XXI Broken and re-assembled sculpture 6
Graham Hudson @ The German Gymnasium, Pancras Road – Kings Cross
5 – 29 Oct: www.grahamhudson.com
Teasing at our differing expectations of art, architecture and the contents of a skip, Graham Hudson incorporates scaffolding and building site materials into monumentally fragile installations. He was well suited, then, to six months as Kings Cross artist in residence, utlising what lay around in the rapidly developing area to make a sculpture a day for the 181 days and an installation in the UK's first purpose-built gym space. Hudson promises a ‘noisy sprawling Vision of closed down nightclubs, brothel ghosts, ruins and stacks of breeze blocks’ as a ‘psychological antidote’ to the utopian aspirations of the KX development models downstairs in the same building.
Cosmic Thing, 2002
Damián Ortega: The Independent @ The Barbican
15 Oct – 16 Jan: www.barbican.org.uk/artgallery
Talking of daily production… Over the past two years, a succession of well-chosen artists has engaged innovatively with the unusual dimensions of the Barbican’s Curve Gallery. Next up is the adventurous Mexican artist Damián Ortega, who has manipulated and pulled apart all manner of things from tortillas to bricks to a Volkswagen Beetle which he disassembled, hanging the parts up on wires. Now he plans – with echoes of his former career as a political cartoonist – to fill The Curve with unusually current art by making a new sculpture every day in response to what’s in the news.
Still from one screen
Julian Rosefeldt: American Night @ BFI Gallery, South Bank
To 6 Nov: www.bfi.org.uk/whatson/bfi_southbank/exhibitions/bfi_gallery
German artist Julian Rosefeldt's ‘American Night’ is a 40 minute loop on five screens, impressive enough to transcend the potentially jaded trope of using the tradition of the Hollywood western to comment on current American politics. It deconstructs the mechanisms of cinematographic narratives at the same time: for examle, one screen brings Bush and Obama puppets into a raucous tavern scene, another fabricates the musings of cowboys round a camp fire out of Hollywood, political and rap quotes.
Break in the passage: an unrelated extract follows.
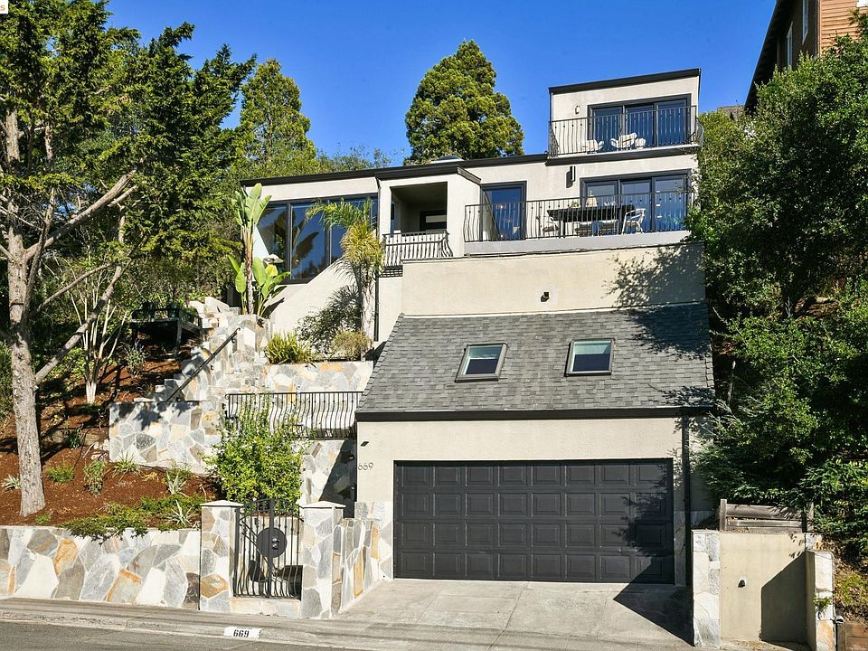 Welcome to 669 Euclid, a stunning contemporary residence in the Berkeley Hill with breathtaking panoramic views of the Bay. This home features 4 spacious bedrooms and 3.5 bathrooms. The main level has been thoughtfully designed with a bright, open-concept layout, with soaring vaulted ceilings in the living and dining room areas. The updated kitchen offers an inviting eat-in space that leads directly to a balcony, perfectly positioned to showcase stunning views of the Golden Gate. On the main level, you'll also find practical amenities: a laundry room, a sizable pantry, and a convenient half bath. Three bedrooms are located on the same level. Two share a jack-and-jill bathroom and one has its own en-suite. Up a few steps, the primary bedroom has a generous walk-in closet and a luxurious  spa-like bathroom. Wake up to breathtaking views of the Golden Gate, visible from the entire first floor and from your own private balcony. There are many outdoors spaces: multiple balconies, a terraced garden and a veranda at the top that could be where the hot tub goes... or perhaps an orchard? A detached studio space is ideal for a home office, and a functional two-car garage adds to the convenience of this home. Being on Euclid Ave, you are just a few minutes from North Berkeley down the hill.

The lesson might be that American foreign policy has been made in the way of a movie, and bears similar connections to reality…
Ry Fyan: Deluge
The Coke Factory @ Ritter / Zamet, Unit 8, 80A Ashfield St – Whitechapel
To 23 Oct: www.ritterzamet.com
How familiar are you with the group of artists currently considered cool in New York, most famously connected through the rebelliousness of the late Dash Snow? They haven’t been shown all that much in Britain, so this presentation of small works by a dozen of them is welcome. Dash himself features via a punchy anti-Bush diptych, and his one-time wife Agathe with a sculpture improvised around an appropriated traffic cone. Look out for Ry Fyan’s paintings, which flip back and forth between collaged elements and their painted imitations in an intricate mash-up of artistic and everyday registers.
SUbstance Misuse II, 2006
Susan Collis: I Miss You @ Seventeen, 17 Kingsland Rd - Hoxton
7 Oct - 13 Nov: www.seventeengallery.com
You may know Susan Collis as an artist whose work is easily missed, as she’s played with the values of material, labour and art by reproducing, for example, what look like accidental splashes of paint in mother of pearl. Collis is less interested, though, in invisibility than in rescuing the overlooked, and there was an emotional aspect to that in her major show at Birmingham’s Ikon six months ago. That continues in this show through new paper sculptures, assemblages, and drawings in whihc the stand-out pieces are made not with but from the leads from pencils.
Untitled, 2007
Louise Bourgeois: The Fabric Works @ Hauser & Wirth, 23 Savile Row - Central
15 Oct – 18 Dec: www.hauserwirth.com
Hauser & Wirth inaugurates its enormous (10,000 sq ft) new space on Savile Row with seventy drawings made from collaged clothing and fabrics plus four large sculptures, all made in the decade before Bourgeois’ death earlier this year. Textiles are central to Bourgeois in the context of the domestic traumas which drove much of her output, given that her parents ran a tapestry restoration workshop in which she helped. An artist’s stock often rises or falls sharply posthumously, and the reception of this show may help indicate which way Bourgeois’ reputation will move.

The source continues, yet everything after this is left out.